Under Pressure

pres·sure /ˈpreSHər/ The force exerted on a given area.

I’ve had one of those weeks where Queen’s “Under Pressure” has become a ballad inside my head because I can’t seem to catch up. We’ve all been there. It is what we love about working in the communications industry: the fast pace, multiple projects, varying client dynamics, problem solving on a daily basis, etc. However, when things start to really heat up mistakes are often made, which can damage client relationships. Whether proofing errors, email faux pas, quality issues or stepping on toes, it is vital to take a pause.

  1. Take a deep breath and step away from all things needing a power source. Walk the block or get a cup of tea, coffee or water. Give yourself a five-minute timeout.
  2. Find out what the client really needs and when they really need it. Many times after speaking with a client who asks for a document, messaging or strategy by “end of day” this may not be the case. They may actually need it for a noon meeting the next day. Asking for a bit more time often allows for checks and balances and delivery of a quality product.
  3. Know the players involved and who the ultimate decision maker is for the project.
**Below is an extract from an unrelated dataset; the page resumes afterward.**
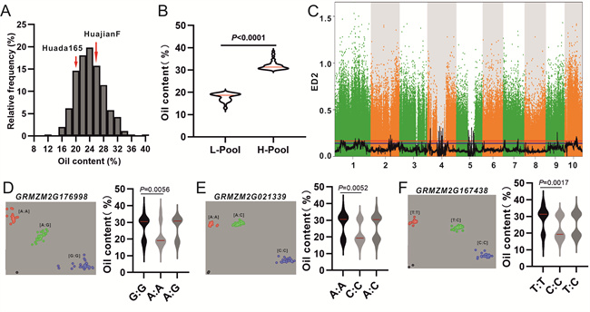 利用含油率相差6.14個百分點的兩個高油玉米構建的F2:3分離群體和BSA-seq定位技術鑒定到另外88個與玉米籽粒油含量相關的QTL,其中16個與先前報道的玉米油相關QTL重疊。RNA-seq分析發(fā)現(xiàn)兩個高油型甜玉米與兩個非高油型甜玉米間的差異表達基因顯著性富集于亞油酸代謝,氰基氨基酸代謝,谷胱甘肽代謝,丙氨酸、天冬氨酸和谷氨酸代謝以及氮代謝途徑?;谝陨戏治鼋Y果篩選BSA-seq定位區(qū)間內的高油候選基因。進一步分析發(fā)現(xiàn)候選基因GRMZM2G176998(WD40類β-螺旋重復蛋白)、GRMZG2G021339(homeobox轉錄因子)和 GRMZM2G167438(3-酮酰基-CoA合成酶)的KASP標記與分離群體中單株的籽粒含油量顯著相關;候選基因GRMZM2G099802(GDSL家族酯酶/脂肪酶)催化三酰甘油合成的最后一步,在兩個高油型甜玉米中的表達水平顯著高于兩個非高油型甜玉米(T9和SH251)。
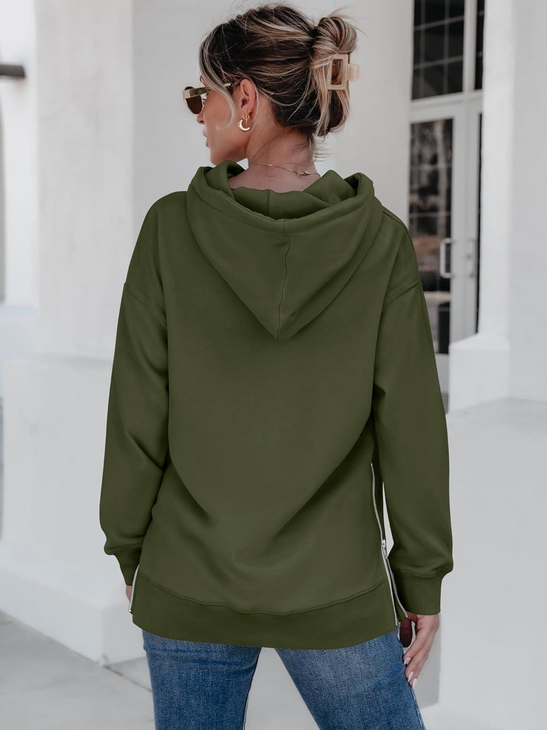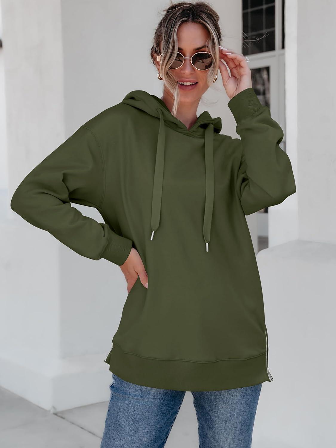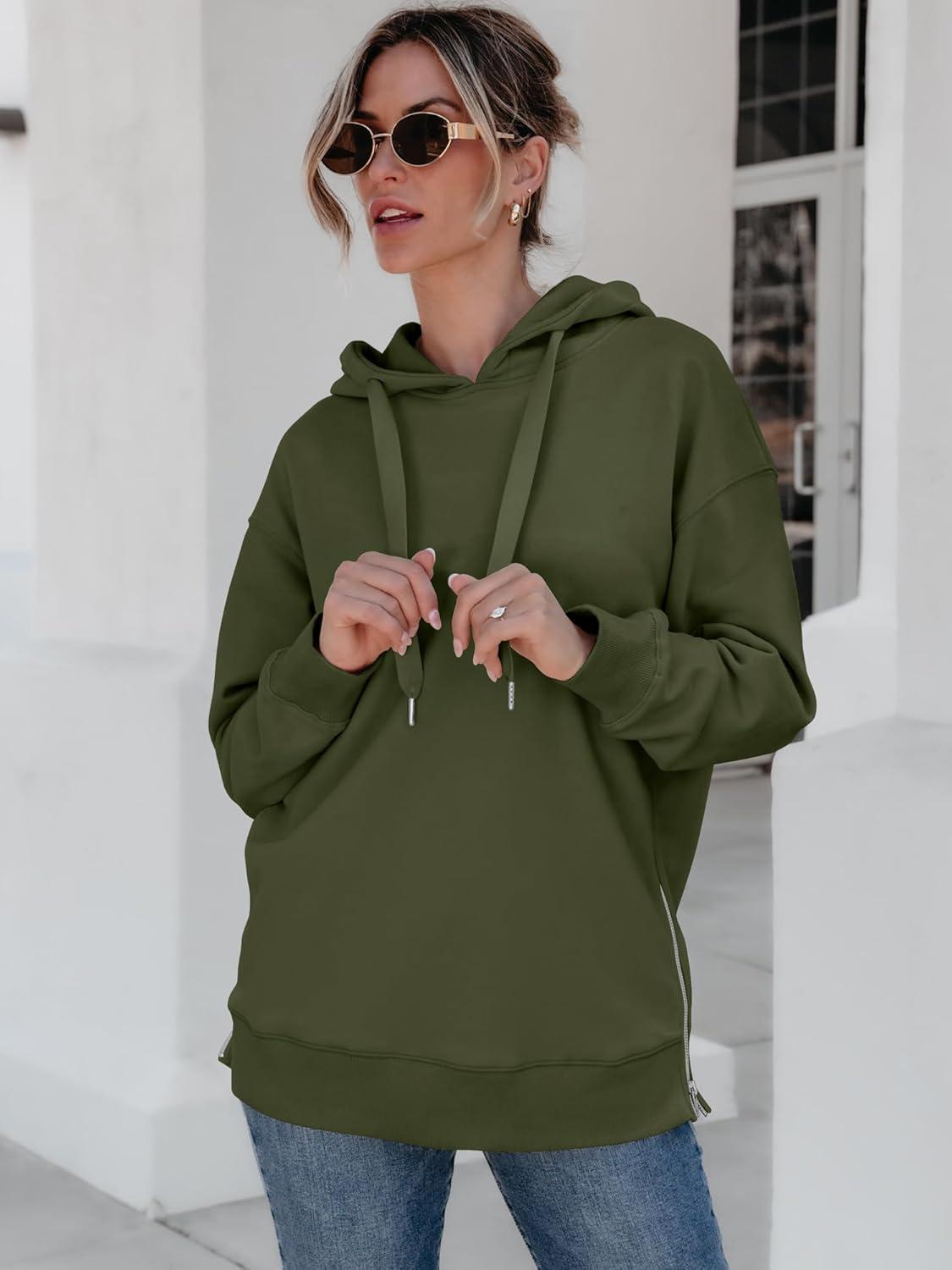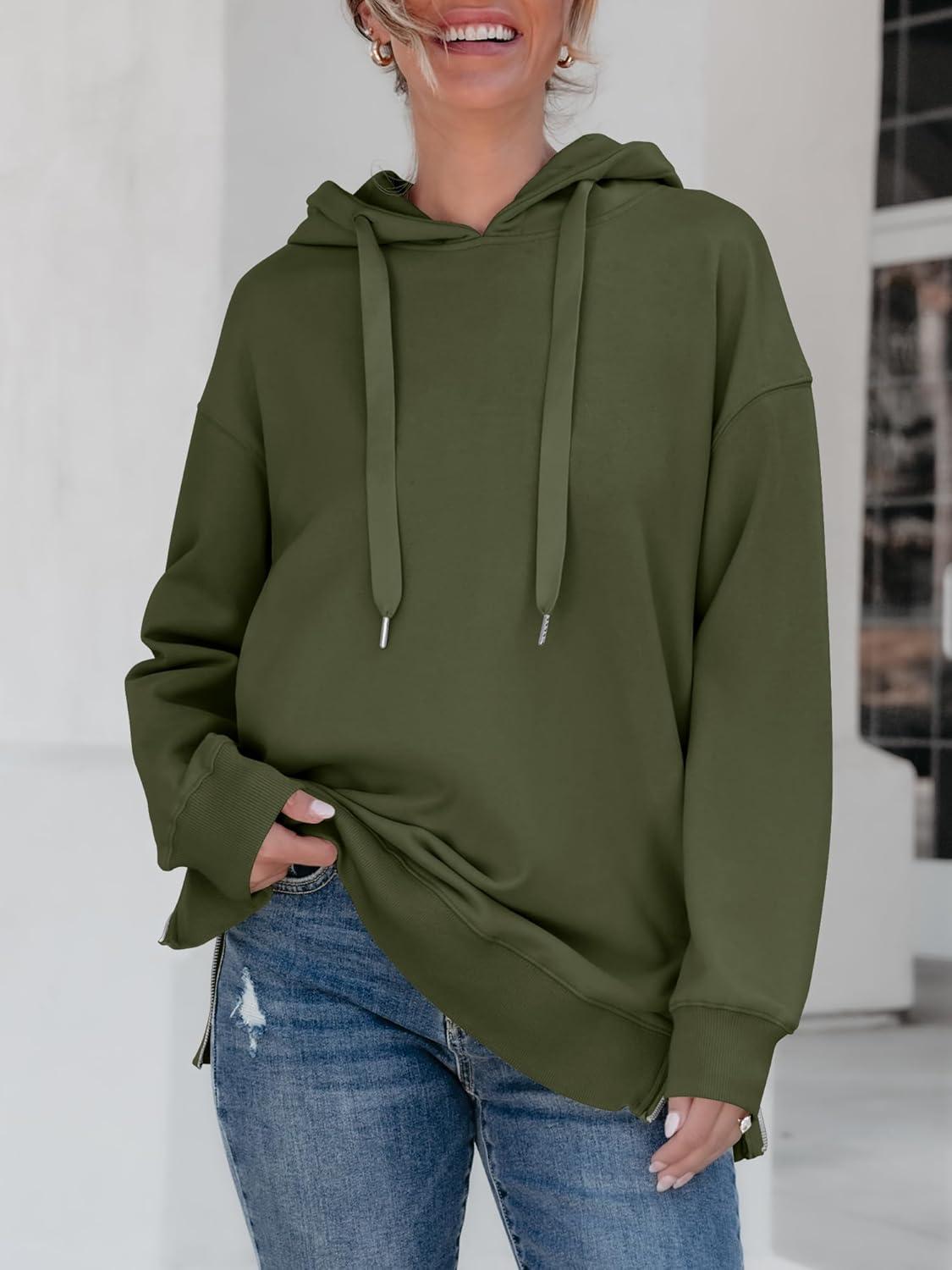 ANRABESS Women Oversized Hoodies Side Zipper Fleece Long Sweatshirts Lightweight Tunic Pullover 2025 Fall Trendy Clothes(Army Green)

This may save multiple reviews or a last minute change of direction, as well as speed up the approval process.
  4. Take the conversation offline and pick up the phone. It is easier to have a conversation with client via phone or in person where you can discuss issues, gather information and problem solve more collaboratively. And it saves time!
  5. Clearly define next steps and set expectations for reviews, approvals and timelines.
  6. Determine a format for recap reports with action items to clients and your internal team. Ask how to follow up to make sure items are moving forward.
  7. Regroup with your internal team and clearly define roles, next steps and timing for the final product.
  8. If something can’t go through the proper proofing channels prior to going to the client due to tight turnarounds, tell the client it hasn’t been properly reviewed and clearly mark as a draft.
  9. Mistakes will be made even with the best intentions in mind. Own and fix what you can and then move on.
  10. Every project has things that work out well and others that are challenging. Don’t forget to debrief and talk through lessons learned.